After a fresh restart of the kube-state-metrics pod, the metrics are not duplicated. However after a while, each of the metrics, configured via customResourceState is suddenly present twice or even multiple times:
# There is exactly 1 kind: HelmRepository
$ kubectl get helmrepositories.source.toolkit.fluxcd.io -n flux-system
NAME URL AGE
acraks oci://xxxx.azurecr.io 8d
# After kube-state-metrics runs a while, it returns 3 exact same metrics
$ curl http://kube-prometheus-stack-kube-state-metrics.k8s-monitoring:8080/metrics | grep HelmRepository | grep flux-system
gotk_resource_info{customresource_group="source.toolkit.fluxcd.io",customresource_kind="HelmRepository",customresource_version="v1",exported_namespace="flux-system",name="acraks",url="oci://xxxx.azurecr.io"} 1
gotk_resource_info{customresource_group="source.toolkit.fluxcd.io",customresource_kind="HelmRepository",customresource_version="v1",exported_namespace="flux-system",name="acraks",url="oci://xxxx.azurecr.io"} 1
gotk_resource_info{customresource_group="source.toolkit.fluxcd.io",customresource_kind="HelmRepository",customresource_version="v1",exported_namespace="flux-system",name="acraks",url="oci://xxxx.azurecr.io"} 1
# After a restart of kube-state-metrics, there are no duplications for a while
$ kubectl delete pod kube-prometheus-stack-kube-state-metrics-76968f786b-z7m8t
$ curl http://kube-prometheus-stack-kube-state-metrics.k8s-monitoring:8080/metrics | grep HelmRepository | grep flux-system
gotk_resource_info{customresource_group="source.toolkit.fluxcd.io",customresource_kind="HelmRepository",customresource_version="v1",exported_namespace="flux-system",name="acraks",url="oci://xxxx.azurecr.io"} 1
What you expected to happen:
No duplicates, as the resource exists just once and all labels are the same.
How to reproduce it (as minimally and precisely as possible):
Use the configuration provided here: https://fluxcd.io/flux/monitoring/custom-metrics or the customResourceState config below:
apiVersion: v1
data:
config.yaml: |
spec:
resources:
- groupVersionKind:
group: source.toolkit.fluxcd.io
kind: HelmRepository
version: v1
metricNamePrefix: gotk
metrics:
- each:
info:
labelsFromPath:
name:
- metadata
- name
type: Info
help: The current state of a Flux HelmRepository resource.
labelsFromPath:
exported_namespace:
- metadata
- namespace
ready:
- status
- conditions
- '[type=Ready]'
- status
revision:
- status
- artifact
- revision
suspended:
- spec
- suspend
url:
- spec
- url
name: resource_info
kind: ConfigMap
metadata:
labels:
app.kubernetes.io/component: metrics
app.kubernetes.io/instance: kube-prometheus-stack
app.kubernetes.io/managed-by: Helm
app.kubernetes.io/name: kube-state-metrics
app.kubernetes.io/part-of: kube-state-metrics
app.kubernetes.io/version: 2.12.0
helm.sh/chart: kube-state-metrics-5.20.0
helm.toolkit.fluxcd.io/name: kube-prometheus-stack
helm.toolkit.fluxcd.io/namespace: flux-system
release: kube-prometheus-stack
name: kube-prometheus-stack-kube-state-metrics-customresourcestate-config
namespace: k8s-monitoring
Anything else we need to know?:
Environment:
- kube-state-metrics version: 2.12.0
- Kubernetes version (use
kubectl version): 1.29.4 - Cloud provider or hardware configuration: AKS
I can confirm this.
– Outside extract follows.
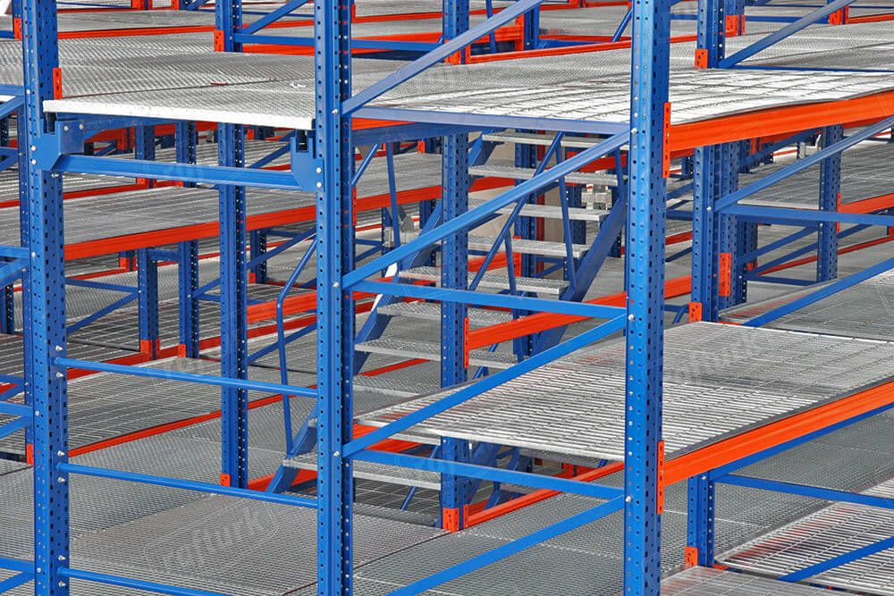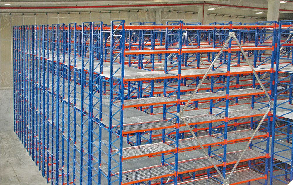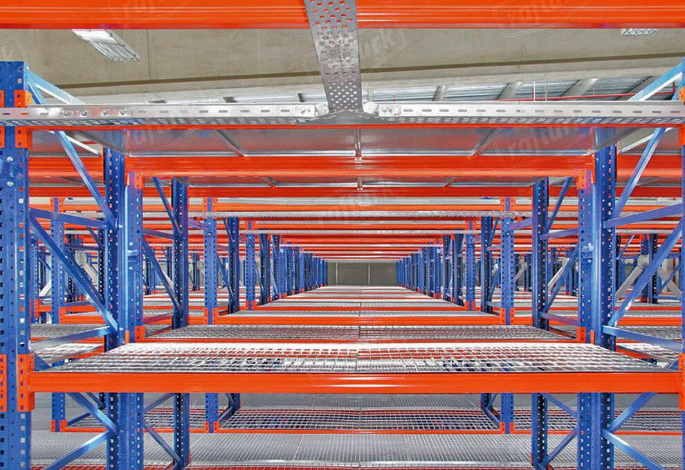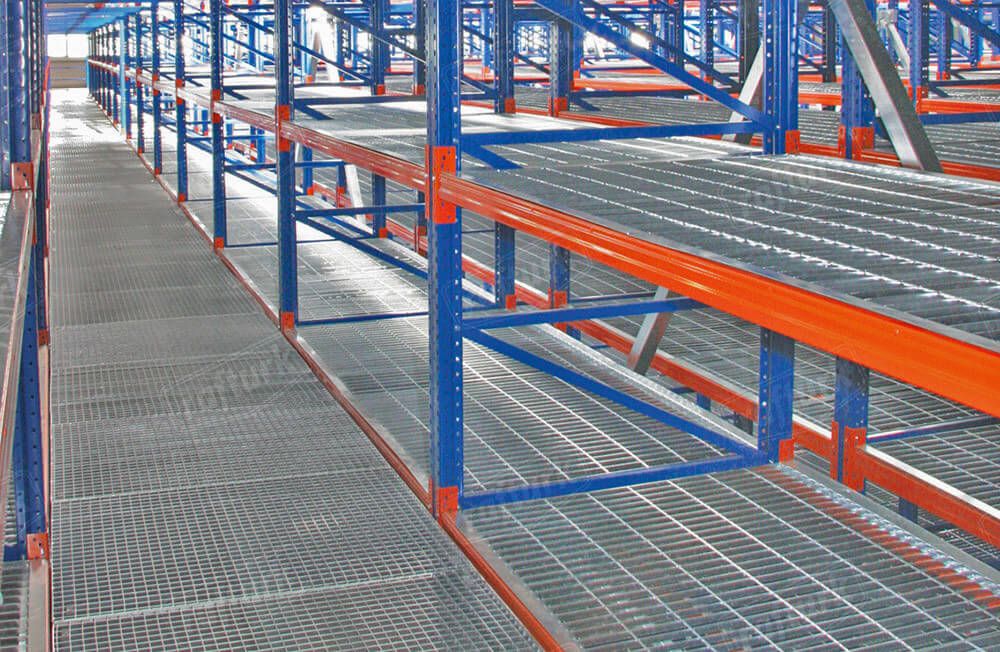 Depolama ve aynı anda çalışmak için üretilen çözümlerden biri de “Mezanin Raf Sistemi”dir. Bu sistemler çok katlı olarak kullanıldığı zaman aynı alan üzerinde ilave bir depolama veya çalışma alanı kazanılır. Mezanin raf sistemi sayesinde depolama alanı yüksekliğinden maksimum verim sağlanabilir. Soğuk veya sıcak haddelenmiş profillerden üretilen bu sistemler sorunsuzca monte edilir. Farklı yükler için özel isteklere göre mezaninler, yanlamasına veya uzunlamasına isteğe bağlı olarak genişletilebilir. Her katta en yüksek seviyede emniyet tabidir. Katlar üzeri kaplama olarak tel, ızgara, sunta, MDF, sac, tava ve benzeri kaymayı engelleyecek materyaller kullanılmaktadır. Suntaların altı beyaz veya doğal olarak kaplıdır.

The problem only occurs after some time.
Can confirm this bug to still be present. Since this Application is bundled with kube-prometheus-stack it would be nice to get an update. There is even a PR that was closed by the bot rather than merged.
/assign @rexagod /triage accepted
Just confirming that this is an issue and the PR looks like a promising and dire needed fix. KSM metrics output is invalid after CR updates which is quite severe for us.
Thanks for already bringing up a PR \o/
Hi, @speer Is this issue fixed for you? We are running KSM v2.15.0, which contains this fix, but we are still getting duplicxated samples.
Configuration used:
apiVersion: v1
data:
config.yaml: |
kind: CustomResourceStateMetrics
spec:
resources:
...
- errorLogV: 0
groupVersionKind:
group: serverless.kyma-project.io
kind: Function
version: v1alpha2
labelsFromPath:
name:
- metadata
- name
namespace:
- metadata
- namespace
metrics:
- commonLabels:
type: ConfigurationReady
each:
gauge:
labelsFromPath:
reason:
- reason
nilIsZero: true
path:
- status
- conditions
- '[type=ConfigurationReady]'
valueFrom:
- status
type: Gauge
help: function condition
name: function_condition
Hi @JackCheng01 The issue did not re-occur on our side.